Protecting User Choice – Using WordPress and Tumblr to train AI models
-
Very recently, Automattic published the following announcement regarding use of WordPress and Tumblr sites for training of AI. The problem with this announcement is that it refers to the Privacy Section of the General Settings. My blog is missing the part of this section that specifically exposes the checkbox “Prevent third party sharing for xyz.com”
I realize that my site is host externally, which means I have a WordPress.org account, but I also have a WordPress.com account in order to post here and ask questions like this.
Is the Privacy Section of General Settings different between sites hosted by WordPress.com, and externally hosted sites?

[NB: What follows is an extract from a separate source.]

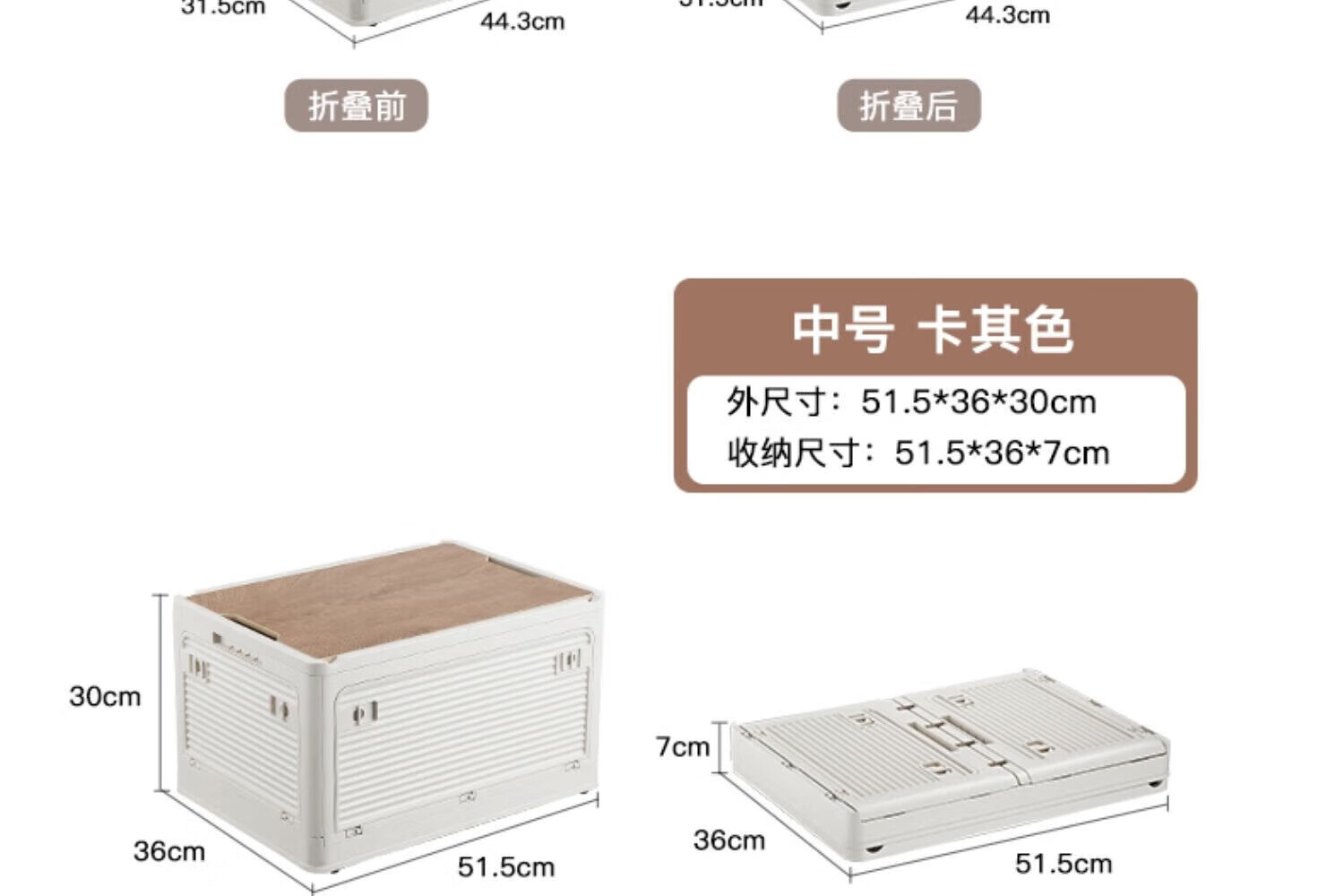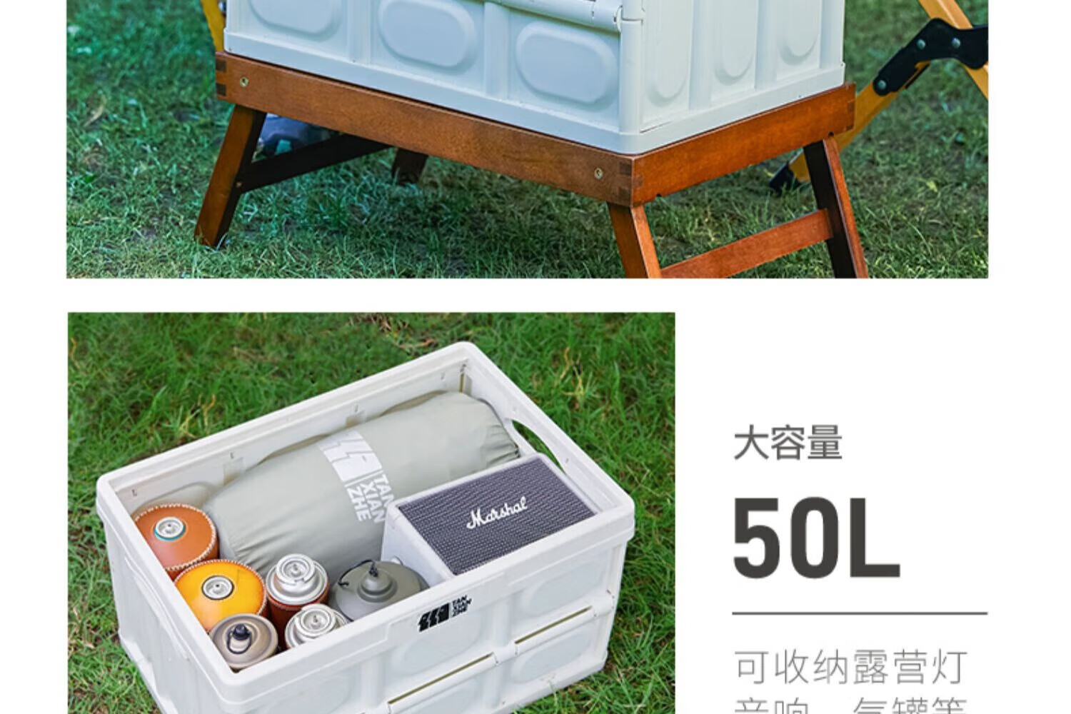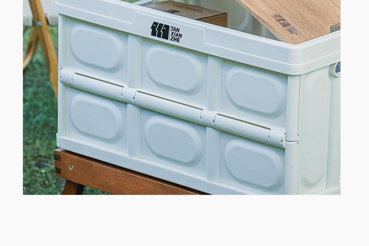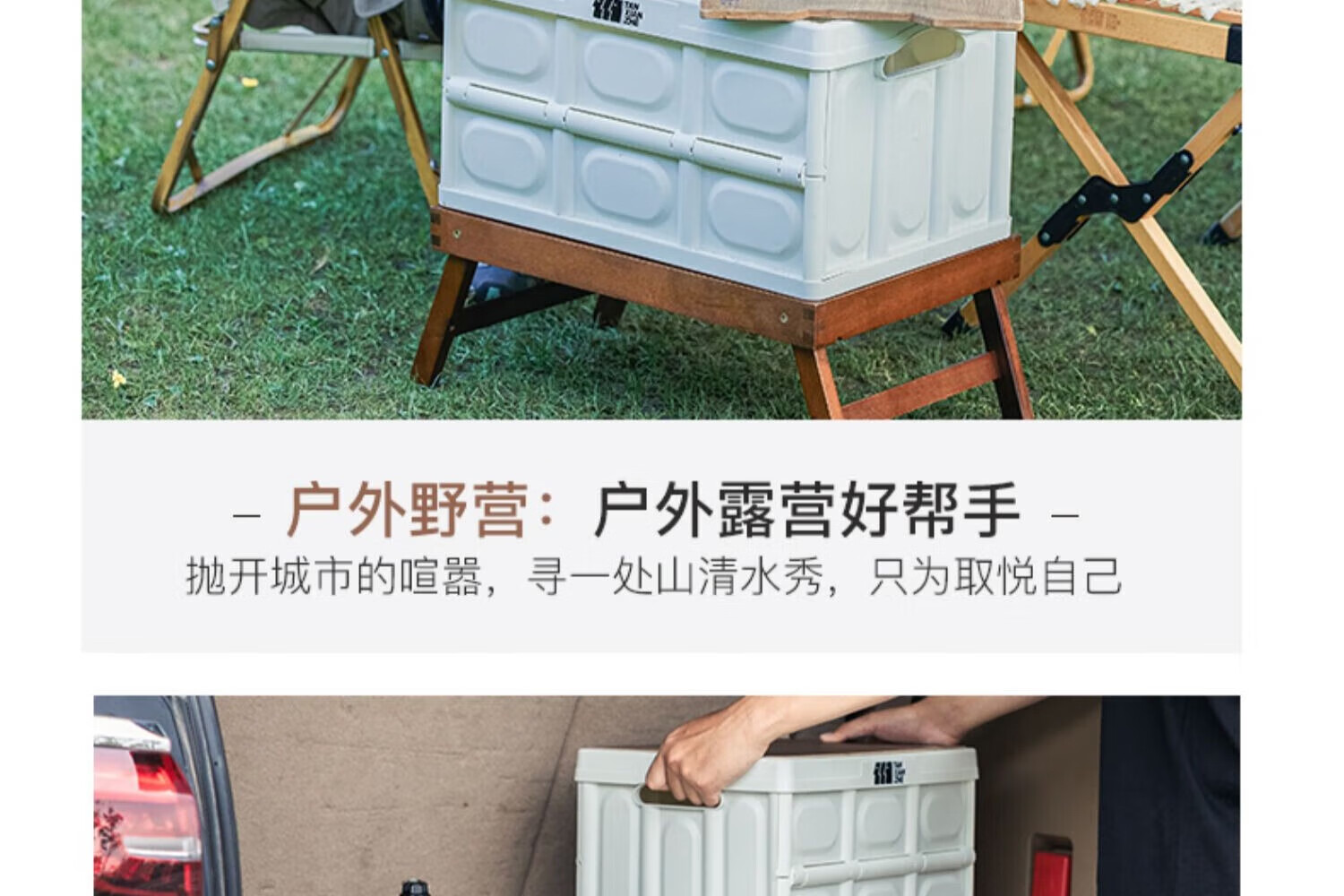 折叠收纳箱收起来很小 打开却很能装;平时露营可以用也可以放后备箱 在家里当储存箱同样不错,但木板是高密度板 要注意防水保护!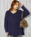 深めのVネックが顔まわりをすっきりと見せ、女性らしい印象に。

The blog I need help with is: (visible only to logged in users)
-
I forgot to include the relevant links:
Protecting User Choice
More Control Over the Content You Share
-
Is the Privacy Section of General Settings different between sites hosted by WordPress.com, and externally hosted sites?
Hi there, Your self-hosted WordPress website does not have a Privacy setting for Third Party Sharing and Protecting User Choice post has been updated to include the following:
- We will only share public content that’s hosted on WordPress.com and Tumblr, and only from sites that haven’t opted out.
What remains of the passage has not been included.